## [What to do]
Word for word, return the lines below from the first through the line that has "清乾嘉间金阊黄金屋刊本《世无匹奇传》扉页书影", dropping the pictures.

## [Provided records]
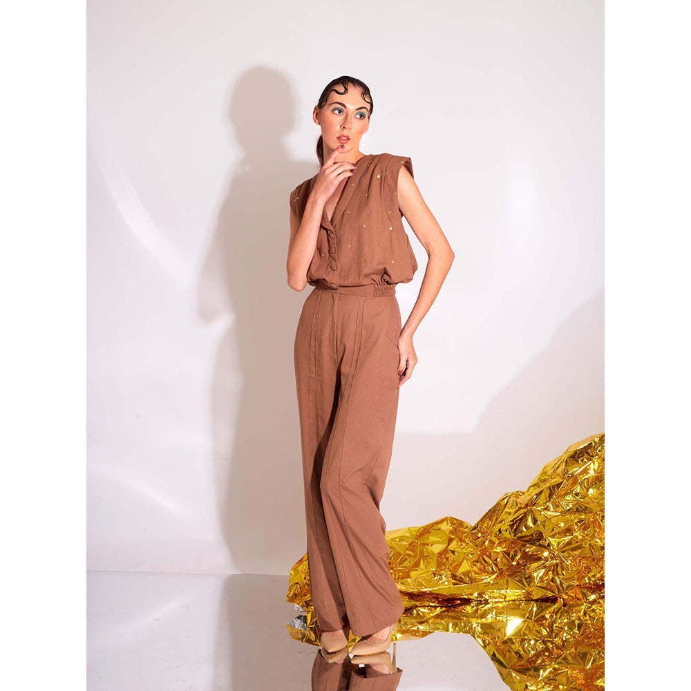 AN'ERA BY ASMITA VERMA Brown Mod Top with Pant (Set of 2)
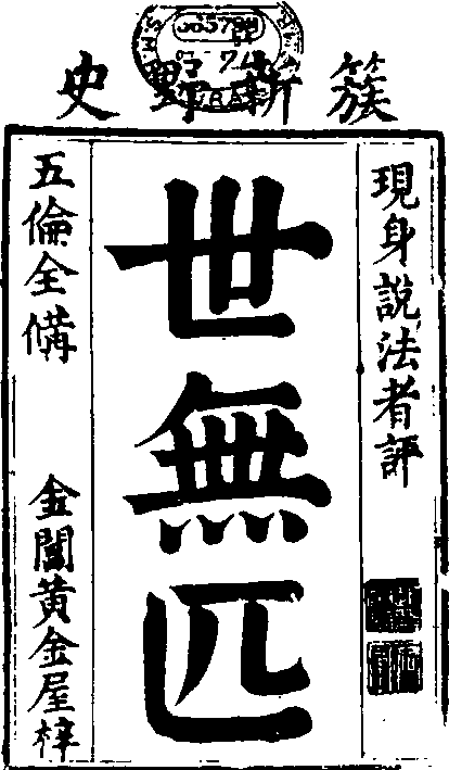 清乾嘉间金阊黄金屋刊本《世无匹奇传》扉页书影
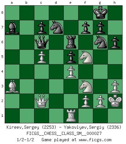 Last move : 1/2-1/2 2024 July 14 12:30:34 [Event "FICGS__CHESS__CLASS_SM__000027"] [Site "FICGS"] [Date "2024.07.04"] [Round "1"] [White "Kireev,Sergey"] [Black "Yakovlyev,Sergiy"] [Result "1/2-1/2"] [WhiteElo "2253"] [BlackElo "2336"] 1.e4 e5 2.Nf3 Nc6 3.Bc4 Bc5 4.c3 Nf6 5.d3 d6 6.O-O a6 7.Re1 O-O 8.a4 Ba7 9.h3 h6 10.Nbd2 Re8 11.b4 Be6 12.Bxe6 Rxe6 13.Bb2 Ne7 14.Nf1 Ng6 15.c4 b5 16.axb5 axb5 17.Ng3 bxc4 18.dxc4 Qe8 19.Qc2 Qc6 20.Rec1 Bb6 21.Rxa8+ Qxa8 22.Kh2 Qc6 23.c5 dxc5 24.bxc5 Ba7 25.Ba3 Nd7 26.Nf5 Nf6 27.Re1 Nd7 1/2-1/2 Follow this game move after move (download)It is not enough to be a good player... you must also play well. (Siegbert Tarrasch) Ich trinke, ich rauche, ich spiele, ich liebe Frauen aber Fernschach ist ein Laster, das ich nicht habe. (Mikhail Nekhemyevich Tal) Si un gobernante no entiende al Ajedrez, ¿como puede governar él un reinado?. (El Rey Khusros II) D'abord les bases : Jouez et étudiez, puis étudiez et jouez, ensuite jouez et étudiez, puis étudiez et jouez. Deuxièmement : Donnez toujours le meilleur de vous-même ! (Ken Smith) Computers are like Old Testament gods; lots of rules and no mercy. (Joseph Campbell)
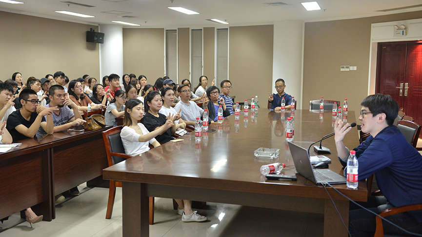 (通讯员 肖涛)2018年9月17日晚7点,中央美术学院实验艺术学院陈抱阳老师,做客华中师范大学美术学院五楼会议室,做了题为《联觉未来科技艺术——作为作者的科技》的讲座。此次讲座由美术学院数字媒体艺术专业主办,受到了武汉K11艺术村与低科技艺术实验室的相关支持,我院数字媒体艺术专业的郑达老师主持,众多在校师生及校外艺术家、艺术机构来参加了此次讲座。
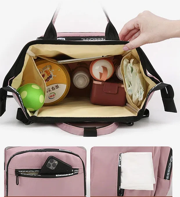 This Fashionable Mommy Backpack offers both style and functionality for busy moms on-the-go. With a spacious design and large capacity, it provides ample storage for all your travel essentials. Stay organized and stylish with this convenient travel bag.
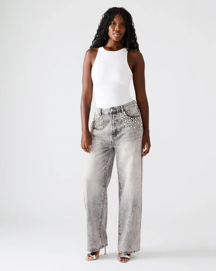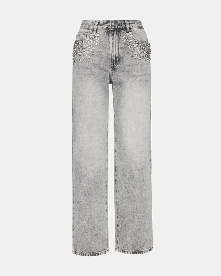 The Eras Jean Features a Sophisticated Straight-Leg Silhouette Enhanced with Delicate Rhinestone Embellishments for Subtle Sparkle. Designed with Two Functional Front Pockets and Back Pockets, These Denim Jeans Combine Style with Practical Convenience, Making Them a Refined Choice for Everyday Wear or Special Occasions. Crafted to Deliver Both Comfort and Elegance, They Elevate Your Denim Collection with Expert Attention to Detail.
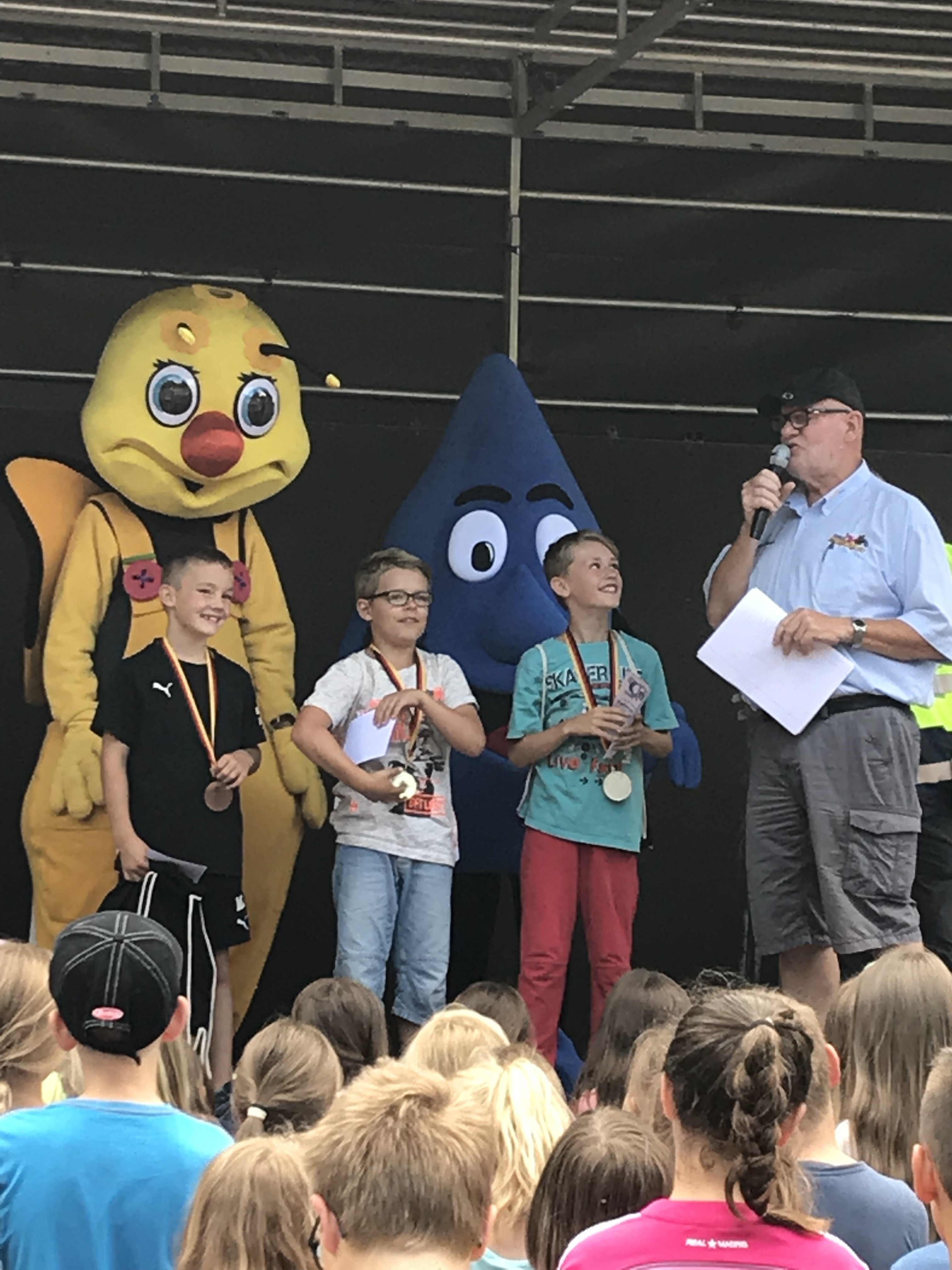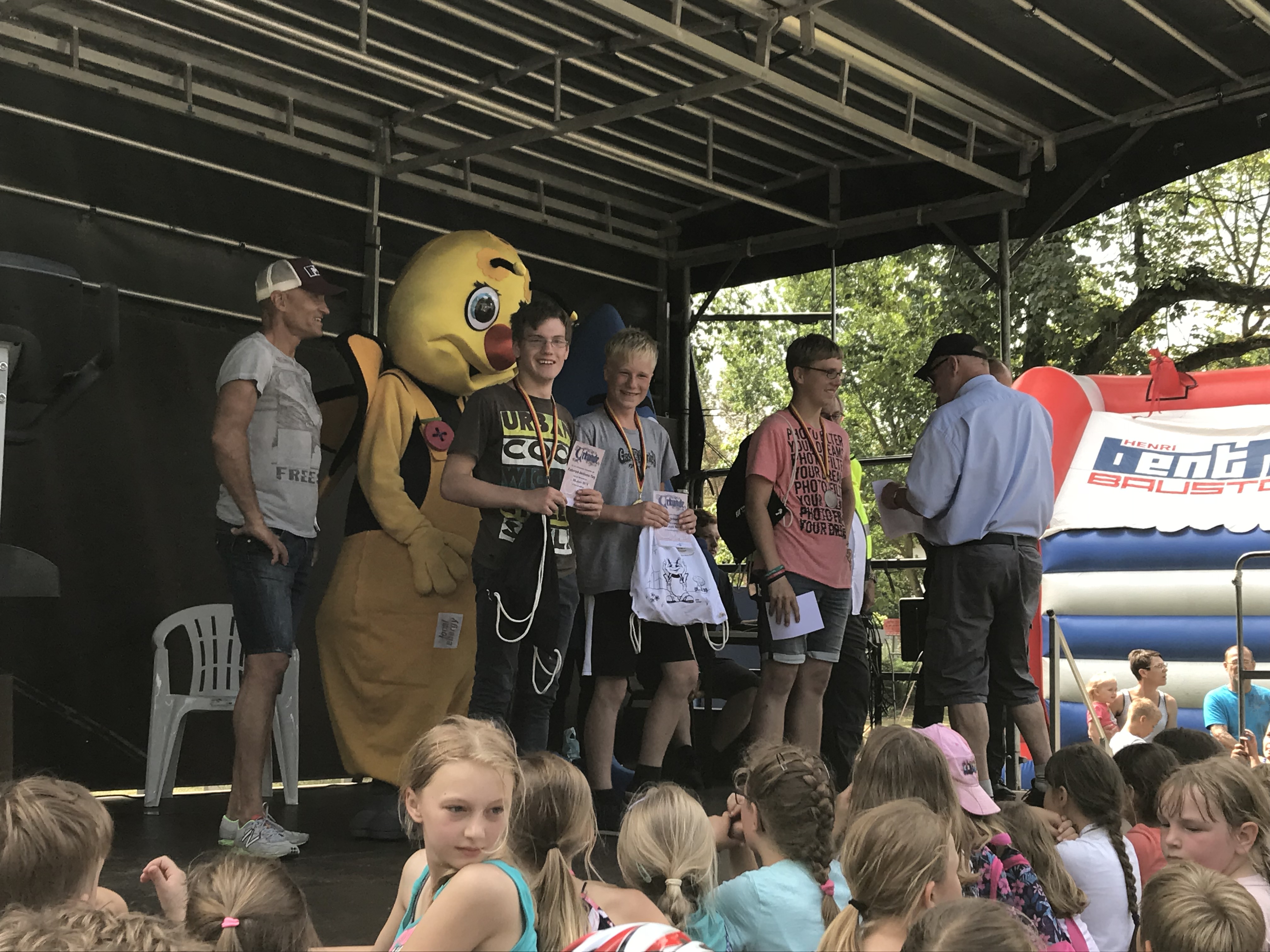 Um die Wartezeit nicht zu lang werden zu lassen, hatten die Schüler auch in diesem Jahr die Möglichkeit auf einer Hüpfburg der Firma Benthack herum zu tollen.

## [Exercise response]
 AN'ERA BY ASMITA VERMA Brown Mod Top with Pant (Set of 2)
 清乾嘉间金阊黄金屋刊本《世无匹奇传》扉页书影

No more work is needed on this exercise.